Your goal: Write out the data word for word and omit every picture.

Given data:
■ ■ ■ ■ ■ ■ ■

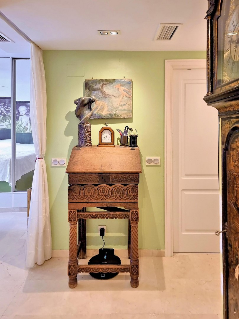 Spacieux et lumineux appartement d'angle exposé plein sud à Calahonda, alliant espace, confort et vues spectaculaires sur la mer et la montagne. Initialement composé de trois chambres, il a été transformé en deux, intégrant une chambre au séjour pour créer un espace plus vaste et modulable. Il comprend deux salles de bains, un dressing, une buanderie et une cuisine partiellement équipée. La propriété dispose d'une terrasse couverte, idéale pour profiter du beau temps et de la vue sur la mer, ainsi que d'un garage et d'un cellier en sous-sol. Son emplacement en angle garantit une plus grande intimité et une luminosité optimale. Parmi ses atouts : climatisation réversible, sols en marbre, double vitrage, placards intégrés et accès pour personnes à mobilité réduite. La résidence offre deux piscines communes, des jardins bien entretenus, un interphone, un accès sécurisé et un service de maintenance irréprochable. Situé dans une rue calme à sens unique, il se trouve à quelques pas des restaurants et à 5 minutes en voiture des bus, supermarchés, golfs, courts de tennis et de la plage. Une opportunité unique de vivre dans l'un des quartiers les plus prisés de la Costa del Sol, idéal comme résidence principale ou investissement.
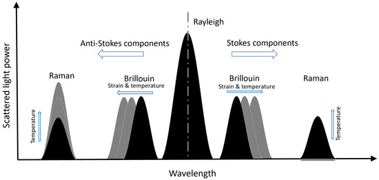 Fibre optic distributed temperature sensing (DTS) relies on a phenomenon called backscatter-light transmitted in the direction opposite to propagation due to material imperfections and molecular interaction [16,17]. The scattered light contains Rayleigh, Raman, and Brillouin spectral components, as shown in Figure 1. Among the three components, the magnitude of the Raman anti-stokes component is sensitive to temperature changes, which is commonly used in scattering applications for structural monitoring. Scattering occurs along the entire length of the fibre; therefore, the entire fibre acts as a series of distributed sensors. Analytical techniques determine the magnitude of environment temperature along the fibre by monitoring the Raman spectra of the backscattered wavelengths caused by individual pulses of light rather than continuous beams. The anti-Stokes and Stokes Raman scattering intensity and can be written as a function of temperature T as [18],
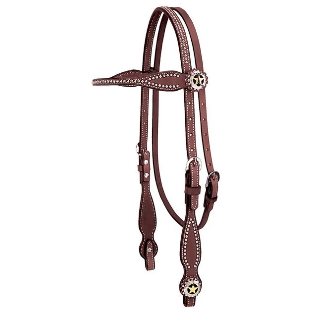 Your horse will be the true star when wearing the Weaver Leather Texas Star Horse Browband Headstall. With style that’s straight out of Texas, this headstall features nickel-plated zinc die cast Texas star conchos sporting 18-karat-gold-plated stars guaranteed to make a big impression. Nickel brass spots also frame the headstall and browband, paired beautifully with durable non-rust stainless-steel buckles. Crafted from doubled and stitched 5/8-inch premium English bridle leather, this headstall combines eye-catching style with a durable performance.
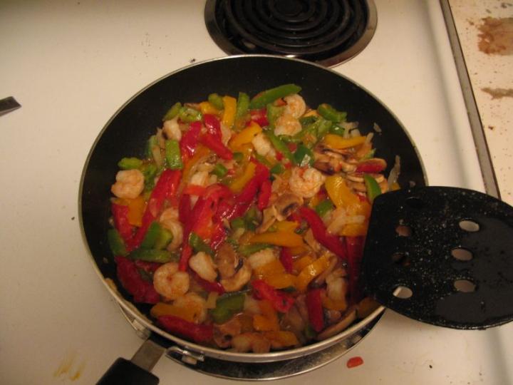 When your shrimp is cooked or near enough, DRAIN THE PAN, dump in some more olive oil, and toss in the tomato, onion, and mushrooms. Coat them with your desired spices, but do NOT put in more than a tiny bit of garlic. It really doesn't taste good in large quantities here. I load up on Cayanne, because I like that stuff.

■ ■ ■ ■ ■ ■ ■

Solution to the problem:
 Spacieux et lumineux appartement d'angle exposé plein sud à Calahonda, alliant espace, confort et vues spectaculaires sur la mer et la montagne. Initialement composé de trois chambres, il a été transformé en deux, intégrant une chambre au séjour pour créer un espace plus vaste et modulable. Il comprend deux salles de bains, un dressing, une buanderie et une cuisine partiellement équipée. La propriété dispose d'une terrasse couverte, idéale pour profiter du beau temps et de la vue sur la mer, ainsi que d'un garage et d'un cellier en sous-sol. Son emplacement en angle garantit une plus grande intimité et une luminosité optimale. Parmi ses atouts : climatisation réversible, sols en marbre, double vitrage, placards intégrés et accès pour personnes à mobilité réduite. La résidence offre deux piscines communes, des jardins bien entretenus, un interphone, un accès sécurisé et un service de maintenance irréprochable. Situé dans une rue calme à sens unique, il se trouve à quelques pas des restaurants et à 5 minutes en voiture des bus, supermarchés, golfs, courts de tennis et de la plage. Une opportunité unique de vivre dans l'un des quartiers les plus prisés de la Costa del Sol, idéal comme résidence principale ou investissement.
 Fibre optic distributed temperature sensing (DTS) relies on a phenomenon called backscatter-light transmitted in the direction opposite to propagation due to material imperfections and molecular interaction [16,17]. The scattered light contains Rayleigh, Raman, and Brillouin spectral components, as shown in Figure 1. Among the three components, the magnitude of the Raman anti-stokes component is sensitive to temperature changes, which is commonly used in scattering applications for structural monitoring. Scattering occurs along the entire length of the fibre; therefore, the entire fibre acts as a series of distributed sensors. Analytical techniques determine the magnitude of environment temperature along the fibre by monitoring the Raman spectra of the backscattered wavelengths caused by individual pulses of light rather than continuous beams. The anti-Stokes and Stokes Raman scattering intensity and can be written as a function of temperature T as [18],
 Your horse will be the true star when wearing the Weaver Leather Texas Star Horse Browband Headstall. With style that’s straight out of Texas, this headstall features nickel-plated zinc die cast Texas star conchos sporting 18-karat-gold-plated stars guaranteed to make a big impression. Nickel brass spots also frame the headstall and browband, paired beautifully with durable non-rust stainless-steel buckles. Crafted from doubled and stitched 5/8-inch premium English bridle leather, this headstall combines eye-catching style with a durable performance.
 When your shrimp is cooked or near enough, DRAIN THE PAN, dump in some more olive oil, and toss in the tomato, onion, and mushrooms. Coat them with your desired spices, but do NOT put in more than a tiny bit of garlic. It really doesn't taste good in large quantities here. I load up on Cayanne, because I like that stuff.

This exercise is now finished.